6. Accrued Compensation. On any termination of the Executive’s employment with the Company Group, the Executive will be entitled to receive any amounts earned, accrued or owing but not yet paid under Section 3 above, and any benefits accrued or earned under the Company’s benefits plans and programs.

7. Conditions to Receipt of Severance.

(a) Separation Agreement and Release of Claims. The Executive’s receipt of any severance payments or benefits upon the Executive’s Qualifying Termination under Section 5 is subject to the Executive signing and not revoking the Company’s then-standard separation agreement and release of claims (which may include an agreement not to disparage any member of the Company Group, non-solicit provisions, an agreement to assist in any litigation matters, and other standard terms and conditions in a form reasonably acceptable to the Company) (the


Release” and that requirement, the “Release Requirement”), which must become effective and irrevocable no later than the sixtieth (60th) day following the Executive’s Qualifying Termination (the “Release Deadline”). If the Release does not become effective and irrevocable by the Release Deadline, the Executive will forfeit any right to severance payments or benefits under Section 5.

(b) Payment Timing.
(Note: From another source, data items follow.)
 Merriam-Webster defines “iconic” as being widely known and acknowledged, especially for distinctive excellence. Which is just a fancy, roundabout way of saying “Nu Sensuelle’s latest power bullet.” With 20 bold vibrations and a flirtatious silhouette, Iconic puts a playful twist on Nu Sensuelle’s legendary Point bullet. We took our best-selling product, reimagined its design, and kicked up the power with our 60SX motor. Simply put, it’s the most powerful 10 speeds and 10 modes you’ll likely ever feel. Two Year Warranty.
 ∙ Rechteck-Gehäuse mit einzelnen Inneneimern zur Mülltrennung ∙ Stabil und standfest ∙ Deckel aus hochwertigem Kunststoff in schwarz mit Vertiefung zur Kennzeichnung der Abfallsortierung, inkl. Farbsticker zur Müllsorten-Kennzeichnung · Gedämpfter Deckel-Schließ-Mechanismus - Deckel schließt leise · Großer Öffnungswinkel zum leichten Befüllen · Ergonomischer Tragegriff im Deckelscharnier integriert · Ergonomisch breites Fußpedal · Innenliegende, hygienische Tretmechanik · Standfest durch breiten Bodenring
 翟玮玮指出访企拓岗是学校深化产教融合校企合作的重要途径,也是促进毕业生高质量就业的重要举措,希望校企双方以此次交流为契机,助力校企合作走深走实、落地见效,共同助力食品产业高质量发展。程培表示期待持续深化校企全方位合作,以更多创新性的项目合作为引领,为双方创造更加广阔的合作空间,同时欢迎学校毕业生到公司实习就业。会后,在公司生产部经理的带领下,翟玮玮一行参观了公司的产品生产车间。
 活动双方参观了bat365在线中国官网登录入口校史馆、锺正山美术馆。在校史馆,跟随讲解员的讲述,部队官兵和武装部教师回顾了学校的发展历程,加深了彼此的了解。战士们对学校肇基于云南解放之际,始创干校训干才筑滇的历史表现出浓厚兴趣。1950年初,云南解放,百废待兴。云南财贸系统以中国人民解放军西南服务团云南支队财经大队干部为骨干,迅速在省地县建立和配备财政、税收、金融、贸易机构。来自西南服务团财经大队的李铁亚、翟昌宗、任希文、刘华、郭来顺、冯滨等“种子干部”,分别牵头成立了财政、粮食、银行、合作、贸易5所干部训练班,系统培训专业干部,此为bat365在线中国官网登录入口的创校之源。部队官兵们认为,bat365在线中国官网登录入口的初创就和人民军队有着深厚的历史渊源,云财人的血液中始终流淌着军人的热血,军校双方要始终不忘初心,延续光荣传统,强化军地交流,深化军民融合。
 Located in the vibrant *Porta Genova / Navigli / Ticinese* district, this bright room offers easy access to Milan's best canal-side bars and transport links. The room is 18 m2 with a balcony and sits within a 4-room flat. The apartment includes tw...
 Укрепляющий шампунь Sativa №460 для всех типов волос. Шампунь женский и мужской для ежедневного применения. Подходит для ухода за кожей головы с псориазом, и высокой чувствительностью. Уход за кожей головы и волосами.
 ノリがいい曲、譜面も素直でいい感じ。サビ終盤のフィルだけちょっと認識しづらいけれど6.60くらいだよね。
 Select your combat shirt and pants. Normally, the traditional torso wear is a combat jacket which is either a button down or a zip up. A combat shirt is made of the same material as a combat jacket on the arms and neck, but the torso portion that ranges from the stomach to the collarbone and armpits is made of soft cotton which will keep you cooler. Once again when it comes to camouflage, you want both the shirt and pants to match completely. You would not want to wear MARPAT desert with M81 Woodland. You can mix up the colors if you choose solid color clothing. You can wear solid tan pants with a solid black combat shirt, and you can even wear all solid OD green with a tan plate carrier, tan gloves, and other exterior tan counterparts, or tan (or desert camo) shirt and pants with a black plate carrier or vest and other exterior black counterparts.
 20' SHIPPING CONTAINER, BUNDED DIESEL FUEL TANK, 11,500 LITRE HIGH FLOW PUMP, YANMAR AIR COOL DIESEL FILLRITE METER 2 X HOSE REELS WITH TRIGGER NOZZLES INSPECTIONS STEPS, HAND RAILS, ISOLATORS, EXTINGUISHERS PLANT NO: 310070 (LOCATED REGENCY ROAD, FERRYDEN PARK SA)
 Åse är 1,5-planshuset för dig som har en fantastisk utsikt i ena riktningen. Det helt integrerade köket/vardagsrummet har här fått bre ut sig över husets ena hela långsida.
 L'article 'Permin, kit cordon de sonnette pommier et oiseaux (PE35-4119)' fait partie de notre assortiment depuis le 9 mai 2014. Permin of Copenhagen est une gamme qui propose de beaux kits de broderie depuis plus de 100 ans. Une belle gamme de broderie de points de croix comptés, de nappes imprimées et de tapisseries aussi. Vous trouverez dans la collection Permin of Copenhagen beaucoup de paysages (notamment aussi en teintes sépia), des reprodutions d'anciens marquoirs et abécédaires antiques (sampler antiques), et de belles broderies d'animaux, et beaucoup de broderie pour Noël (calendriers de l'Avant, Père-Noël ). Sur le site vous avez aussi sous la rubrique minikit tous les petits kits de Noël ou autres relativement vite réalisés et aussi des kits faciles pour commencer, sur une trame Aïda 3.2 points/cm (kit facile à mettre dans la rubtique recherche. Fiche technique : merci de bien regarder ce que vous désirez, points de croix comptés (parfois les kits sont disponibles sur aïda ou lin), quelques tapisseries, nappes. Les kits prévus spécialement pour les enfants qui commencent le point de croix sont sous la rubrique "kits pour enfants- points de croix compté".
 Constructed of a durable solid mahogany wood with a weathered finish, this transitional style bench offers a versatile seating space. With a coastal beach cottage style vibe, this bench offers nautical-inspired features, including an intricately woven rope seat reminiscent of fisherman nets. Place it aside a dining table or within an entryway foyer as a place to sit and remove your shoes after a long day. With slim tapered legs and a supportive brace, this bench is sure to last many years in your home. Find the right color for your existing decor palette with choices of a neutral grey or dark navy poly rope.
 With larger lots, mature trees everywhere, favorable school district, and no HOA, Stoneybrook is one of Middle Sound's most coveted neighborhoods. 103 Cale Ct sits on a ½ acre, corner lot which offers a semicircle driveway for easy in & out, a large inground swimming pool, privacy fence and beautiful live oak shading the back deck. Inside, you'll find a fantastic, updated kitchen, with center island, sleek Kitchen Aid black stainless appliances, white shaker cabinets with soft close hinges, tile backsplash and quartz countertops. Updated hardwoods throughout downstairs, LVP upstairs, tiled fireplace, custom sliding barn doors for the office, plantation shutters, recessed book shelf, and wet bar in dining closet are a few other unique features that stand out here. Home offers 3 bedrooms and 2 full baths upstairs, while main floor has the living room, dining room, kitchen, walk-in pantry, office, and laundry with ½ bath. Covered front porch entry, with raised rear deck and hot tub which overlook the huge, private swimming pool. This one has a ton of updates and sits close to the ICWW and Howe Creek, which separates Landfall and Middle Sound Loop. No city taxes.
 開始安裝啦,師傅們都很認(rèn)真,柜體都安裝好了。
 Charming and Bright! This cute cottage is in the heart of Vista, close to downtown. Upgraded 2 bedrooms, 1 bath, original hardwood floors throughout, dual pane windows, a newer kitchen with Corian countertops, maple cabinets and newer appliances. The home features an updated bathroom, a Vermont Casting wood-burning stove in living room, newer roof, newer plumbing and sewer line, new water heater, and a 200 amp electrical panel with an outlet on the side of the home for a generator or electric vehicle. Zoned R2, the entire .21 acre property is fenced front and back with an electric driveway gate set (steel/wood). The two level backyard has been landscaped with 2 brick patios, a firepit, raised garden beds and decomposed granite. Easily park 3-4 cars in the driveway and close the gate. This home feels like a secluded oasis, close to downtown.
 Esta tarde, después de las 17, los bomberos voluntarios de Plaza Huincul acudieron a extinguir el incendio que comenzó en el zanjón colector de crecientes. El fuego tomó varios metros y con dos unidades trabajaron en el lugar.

Any lump sum cash payments under Sections 5(a)(i), 5(b)(i), or 5(b)(ii) will be provided on the first regularly scheduled payroll date of the Company following the date the Release becomes effective and irrevocable (the “Severance Start Date”), subject to any delay required by Section 7(d) below. Any taxable installments of any COBRA-related severance benefits that otherwise would have been made to the Executive on or before the Severance Start Date will be paid on the Severance Start Date, and any remaining installments thereafter will be provided as specified in the Agreement. Any restricted stock units or similar full value awards that accelerate vesting under Section 5(b)(iv) will be settled (x) on a date no later than ten (10) days following the date the Release becomes effective and irrevocable, or (y) if later, in the event of a Qualifying Pre-CIC Termination, on a date no later than the Change in Control.

(c) Return of Company Property. The Executive’s receipt of any severance payments or benefits upon the Executive’s Qualifying Termination under Section 5 is subject to the Executive returning all documents and other property provided to the Executive by any member of the Company Group (with the exception of a copy of the Company employee handbook and personnel documents specifically relating to the Executive), developed or obtained by the Executive in connection with his or her employment with the Company Group, or otherwise belonging to the Company Group.

(d) Compliance with Section 409A of the Code.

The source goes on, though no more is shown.